Following #23827, default charset where defined for a base logback configuration in 5e26954, as ${CONSOLE_LOG_CHARSET:-default}
and ${FILE_LOG_CHARSET:-default}
.
Unfortunately, logback interprets that as Charset.forName("default")
, which taking a look at sun.nio.cs.StandardCharsets$Aliases
is hardcoded to return ASCII. I feel like Charset.defaultCharset()
would be a more natural choice.
Comment From: wilkinsona
Thanks for the report, @gbaso. Can you please provide a bit more information about when this has caused a problem? LoggingSystemProperties
should set the FILE_LOG_CHARSET
and CONSOLE_LOG_CHARSET
system properties so I'd like to understand exactly when you're seeing the fallback to default
occurring.
Comment From: gbaso
It seems I was mistaken, and my issue was actually related to https://github.com/openjdk/jdk/pull/4733#issuecomment-879856229.
I do, however, still think that spring boot should take a more opinionated approach than defaulting to the "default" charset (which, as I said, is ASCII), using UTF-8 instead.
Comment From: wilkinsona
@gbaso When the system properties are in effect, it should already default to UTF-8. To make sure that we fully understand the problem I'd like to know more about your situation and why that apparently wasn't happening.

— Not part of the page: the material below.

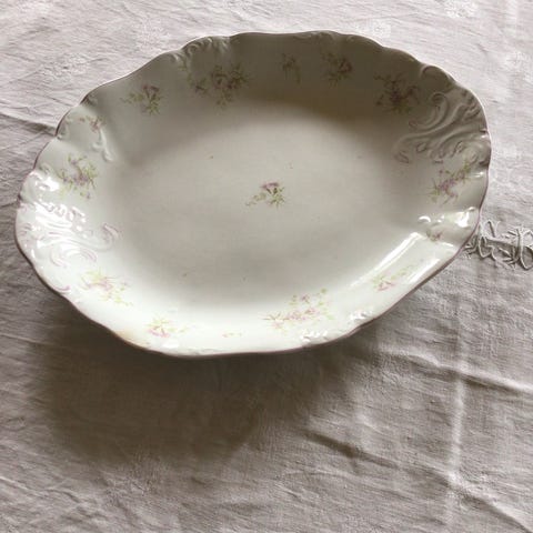 Fajance, Fad uden kuppel, 236 H. RD No 546332, Smuk gl. Romantisk fajance fad i den smukkeste creme farve med glas kuppel.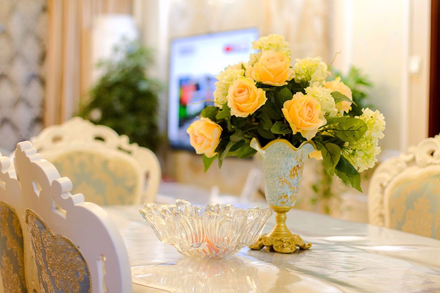客餐廳采用線條,配以的石材點(diǎn)綴,拓寬客餐廳區(qū)域的空間感。墻面采用對稱的實(shí)木線條,與頂面的十字石膏線相呼應(yīng),不同材質(zhì)的組合營造尊貴典雅的生活品質(zhì),細(xì)膩的詮釋了空間的浪漫魅力。

Can you please provide a minimal example that reproduces the problem that you're having?
Comment From: gbaso
@wilkinsona I apologize if I was not clear enough, spring boot is working correctly, it was a problem on my end (and in the mechanism the JVM sets the default charset).
However by reading the code, specifically https://github.com/spring-projects/spring-boot/blob/main/spring-boot-project/spring-boot/src/main/resources/org/springframework/boot/logging/logback/defaults.xml, it looks like if for some reasons FILE_LOG_CHARSET
and CONSOLE_LOG_CHARSET
are unset, they default to the string default
:
<property name="FILE_LOG_CHARSET" value="${FILE_LOG_CHARSET:-default}"/>
which is interpreted as Charset.forName("default")
and is an alias for ASCII.
Given that even OpenJDK is moving to UTF-8 by default, I think we should replace
value="${FILE_LOG_CHARSET:-default}"
with value="${FILE_LOG_CHARSET:-UTF-8}"
.
Comment From: wilkinsona
it looks like if for some reasons FILE_LOG_CHARSET and CONSOLE_LOG_CHARSET are unset, they default to the string default
Yes, that's right. What I'd like to understand is why, in your case, those system properties were unset. Can you please provide a minimal example that reproduces that behaviour?
Comment From: gbaso
What I'd like to understand is why, in your case, those system properties were unset
They weren't, I misattributed the source of my issue
Comment From: liuanxin
I am a developer from China, US-ASCII encoding will cause Chinese garbled, below is my code
$ lsb_release -a
No LSB modules are available.
Distributor ID: Debian
Description: Debian GNU/Linux 10 (buster)
Release: 10
Codename: buster
$ java -version
openjdk version "11.0.11" 2021-04-20
OpenJDK Runtime Environment (build 11.0.11+9-post-Debian-1deb10u1)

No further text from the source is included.